Presets

Presets include module variables that define pre-defined loss functions and strategies.

Module variables

ADAPTOR_KEYS

textbrewer.presets.ADAPTOR_KEYS

(list) valid keys of the dict returned by the adaptor, includes:

  • logits

  • logits_mask

  • losses

  • inputs_mask

  • labels

  • hidden

  • attention

KD_LOSS_MAP

textbrewer.presets.KD_LOSS_MAP

(dict) available KD losses

  • mse’ : mean squared error

  • ce’: cross-entropy loss

PROJ_MAP

textbrewer.presets.PROJ_MAP

(dict) layers used to match the different dimensions of intermediate features

  • linear’ : linear layer, no activation

  • relu’ : ReLU activation

  • tanh’: Tanh activation

MATCH_LOSS_MAP

textbrewer.presets.MATCH_LOSS_MAP

(dict) intermediate feature matching loss functions, includes:

See Intermediate Losses for details.

WEIGHT_SCHEDULER

textbrewer.presets.WEIGHT_SCHEDULER

(dict) Scheduler used to dynamically adjust KD loss weight and hard_label_loss weight.

  • linear_decay’ : decay from 1 to 0 during the whole training process.

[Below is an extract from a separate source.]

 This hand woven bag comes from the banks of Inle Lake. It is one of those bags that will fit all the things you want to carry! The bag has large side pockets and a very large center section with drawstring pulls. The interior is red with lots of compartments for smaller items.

  • linear_growth’ : grow from 0 to 1 during the whole training process.

TEMPERATURE_SCHEDULER

textbrewer.presets.TEMPERATURE_SCHEDULER

(custom dict) used to dynamically adjust distillation temperature.

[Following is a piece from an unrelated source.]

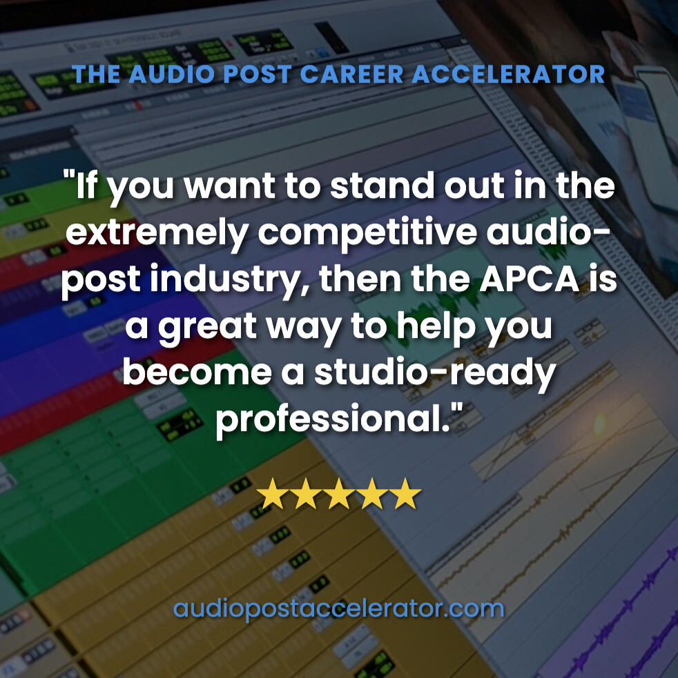 Explore the features of The Audio Post Career Accelerator (APCA), including its core media content, 1-to-1 meetings, meet-ups, community, and more! Learn how all of this ties into your mission to build a career in audio post-production. With personalized guidance and hands-on learning, APCA equips you with the technical skills, industry knowledge, and networking opportunities to thrive in the competitive world of audio post-production. Whether you’re just starting out or looking to elevate your career, the APCA is designed to support you every step of the way. Join a vibrant community of like-minded aspiring professionals, gain access to exclusive resources, and start making your mark in the industry today!

Different from other options, when using 'flsw' and 'cwsm', you need to provide extra parameters, for example:

#flsw
distill_config = DistillationConfig(
    temperature_scheduler = ['flsw', 1, 2]  # beta=1, gamma=2
)

#cwsm
distill_config = DistillationConfig(
    temperature_scheduler = ['cwsm', 1] # beta = 1
)

Customization

If the pre-defined modules do not satisfy your requirements, you can add your own defined modules to the above dict.

For example:

MATCH_LOSS_MAP['my_L1_loss'] = my_L1_loss
WEIGHT_SCHEDULER['my_weight_scheduler'] = my_weight_scheduler

then used in DistillationConfig:

distill_config = DistillationConfig(
kd_loss_weight_scheduler = 'my_weight_scheduler'
intermediate_matches = [{'layer_T':0, 'layer_S':0, 'feature':'hidden','loss': 'my_L1_loss', 'weight' : 1}]
...)

Refer to the source code for more details on inputs and outputs conventions (will be explained in detail in a later version of the documentation).